GIVEN INFORMATION:
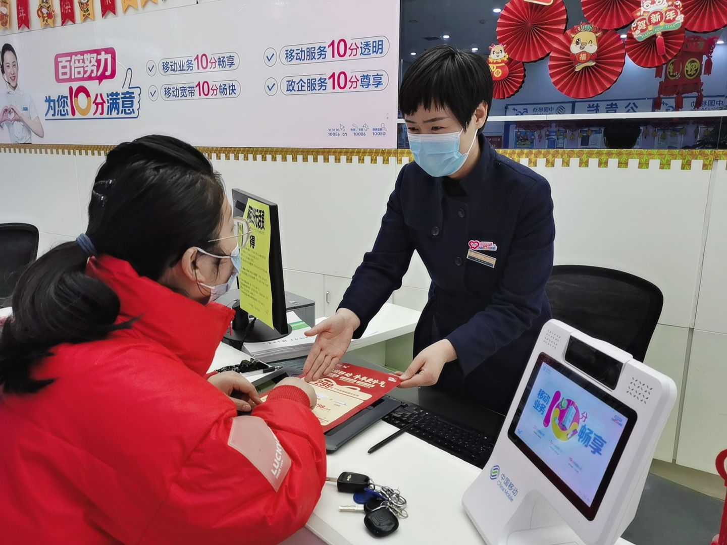 春节期间营业员们仍然坚守岗位服务客户,为客户解决棘手的问题,获得更优质权益的体验,消除客户通讯使用上的顾虑。
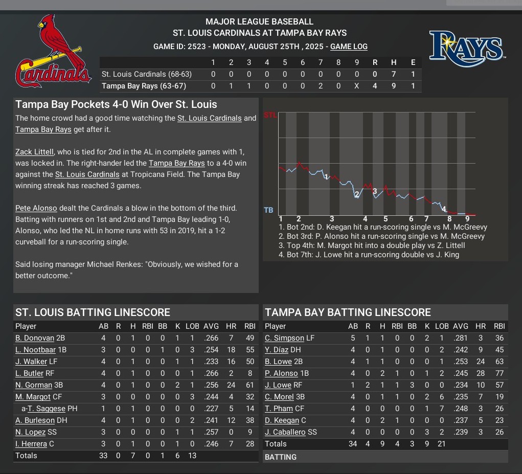 Cards news: August 25 -- Tampa Bay Ray 4, St. Louis Cardinals 0
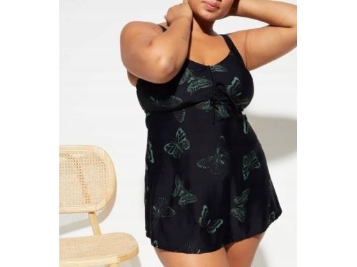 B.P.C długie tankini czarne w motyle z czarnymi figami r.58
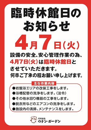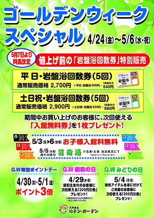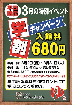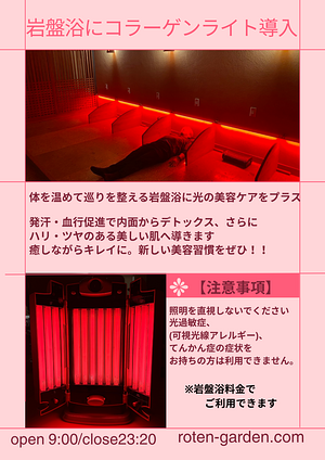 ロテン・ガーデンのお風呂は「左楽風呂(和風)」と「右楽風呂(洋風)」という2種類の浴室があり、日替わりで男湯・女湯になります。琥珀色に輝く贅沢な天然温泉で、日々の疲れを癒してみませんか?
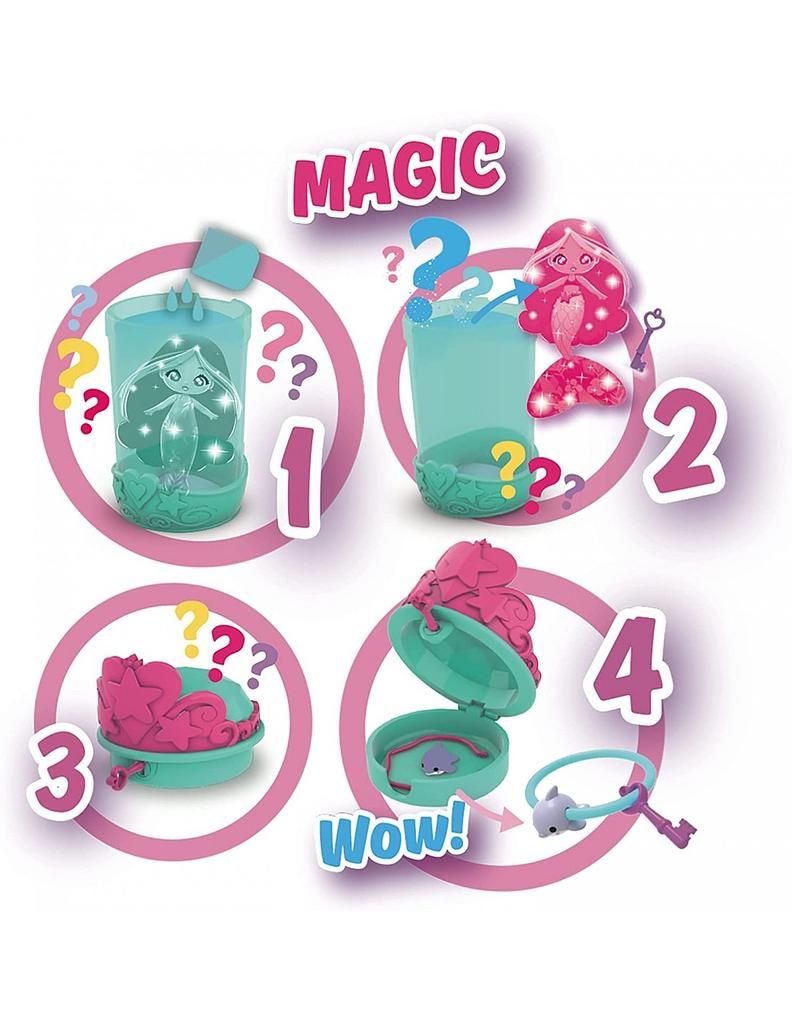 Ognuna delle Bambole Magiche è contenuta in una capsula, che contiene più della semplice bambola. Apri la custodia con la chiave e scopri un’entusiasmante sorpresa: un braccialetto con un ciondolo a forma di creatura marina che potrai indossare con orgoglio!
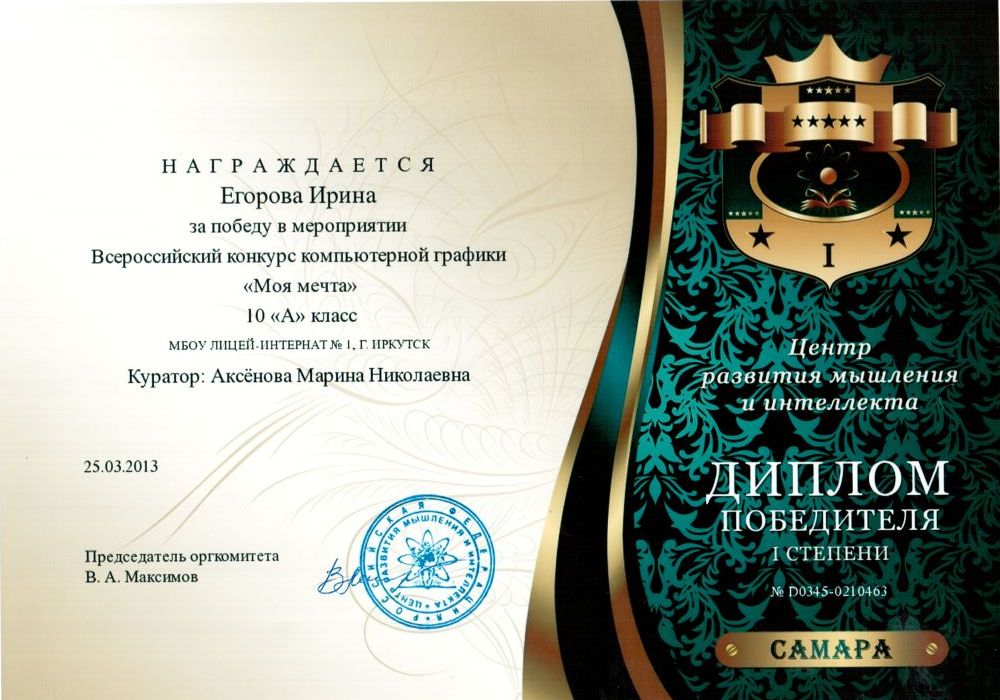 Поздравляем победителя Всероссийского конкурса компьютерной графики "Моя мечта" - Егорову Ирину, обучающуюся 10А класса!
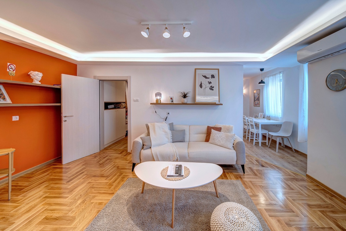 This 80 square meters apartment has two bedrooms divided by large kitchen/dining/living area. The apartment is located in walking distance from major Belgrade touristic sites – National Assembly, Museum, and Theater, Knez Mihajlova street, Kalemegdan Fortress, Skadarlija (the bohemian quarter). The guests can find various food and drink options at nearby restaurants, cafes, and pubs. Some of the top-rated dining places are in this area. There is a 24/7 grocery store down on the corner.
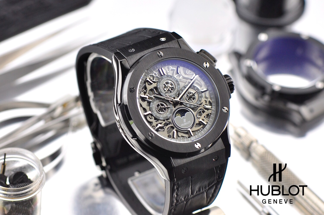 With a diameter of 45mm, this watch showcases the micro-mechanical marvels inside. The skeletonized design creates another magnificent landscape in the art of watchmaking, allowing the wearer to appreciate the inner workings of the timepiece. Hublot adheres to the concept of “the art of fusion” and has conceived an unprecedented concept of skeletonized watches, endowing it with a unique modern structural beauty. This timepiece features functions such as day, date, month, and day/night display.
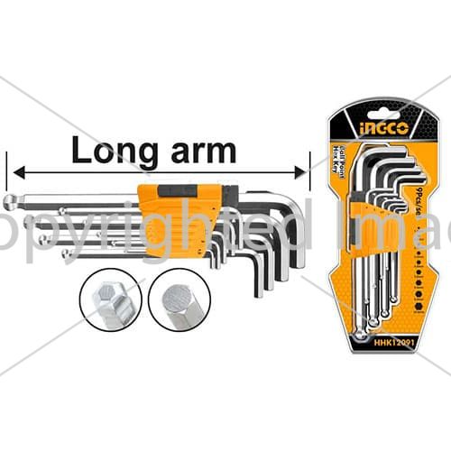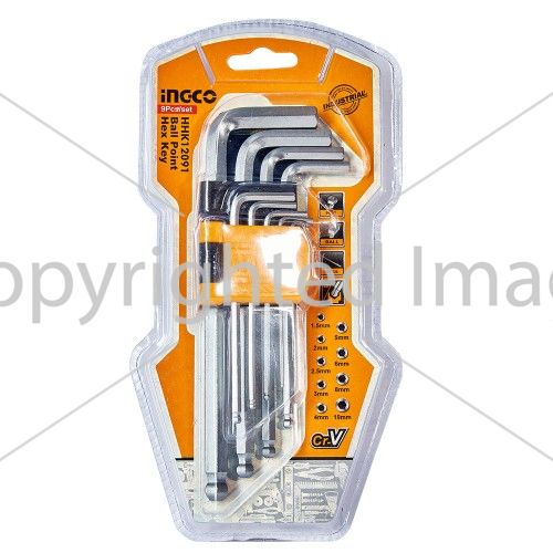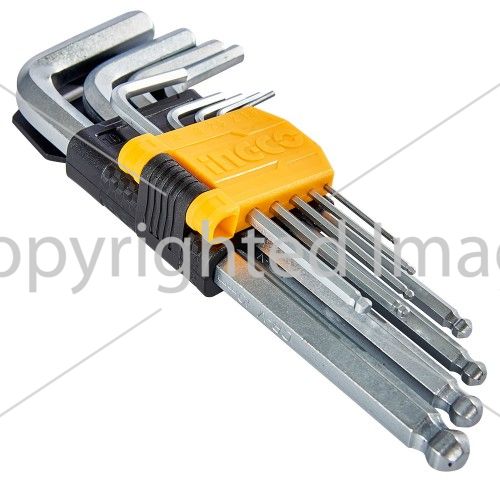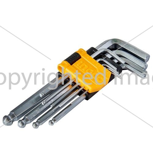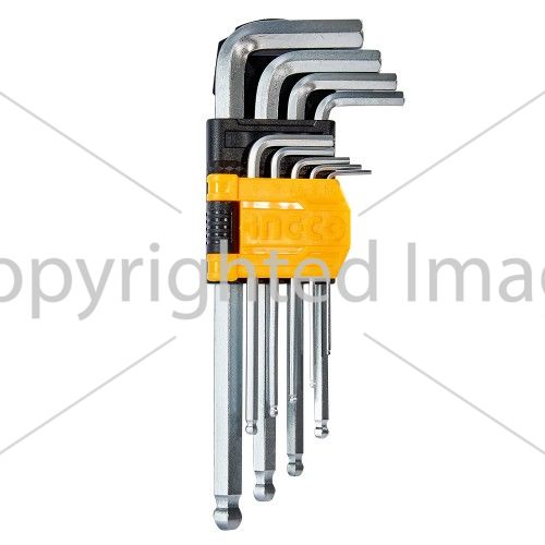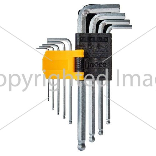 Набір ключів шестигранних з кулею 9 шт 1.5-10 мм INGCO містить 9 ключів різного розміру, які служать для монтажу і демонтажу кріплення з внутрішнім шестигранним шліцом.

PROBLEM: Copy exactly the lines from the first line of the records above through the line with "This 80 square", both included, and nothing else. Pictures stay out.

RESPONSE:
 春节期间营业员们仍然坚守岗位服务客户,为客户解决棘手的问题,获得更优质权益的体验,消除客户通讯使用上的顾虑。
 Cards news: August 25 -- Tampa Bay Ray 4, St. Louis Cardinals 0
 B.P.C długie tankini czarne w motyle z czarnymi figami r.58
 ロテン・ガーデンのお風呂は「左楽風呂(和風)」と「右楽風呂(洋風)」という2種類の浴室があり、日替わりで男湯・女湯になります。琥珀色に輝く贅沢な天然温泉で、日々の疲れを癒してみませんか?
 Ognuna delle Bambole Magiche è contenuta in una capsula, che contiene più della semplice bambola. Apri la custodia con la chiave e scopri un’entusiasmante sorpresa: un braccialetto con un ciondolo a forma di creatura marina che potrai indossare con orgoglio!
 Поздравляем победителя Всероссийского конкурса компьютерной графики "Моя мечта" - Егорову Ирину, обучающуюся 10А класса!
 This 80 square meters apartment has two bedrooms divided by large kitchen/dining/living area. The apartment is located in walking distance from major Belgrade touristic sites – National Assembly, Museum, and Theater, Knez Mihajlova street, Kalemegdan Fortress, Skadarlija (the bohemian quarter). The guests can find various food and drink options at nearby restaurants, cafes, and pubs. Some of the top-rated dining places are in this area. There is a 24/7 grocery store down on the corner.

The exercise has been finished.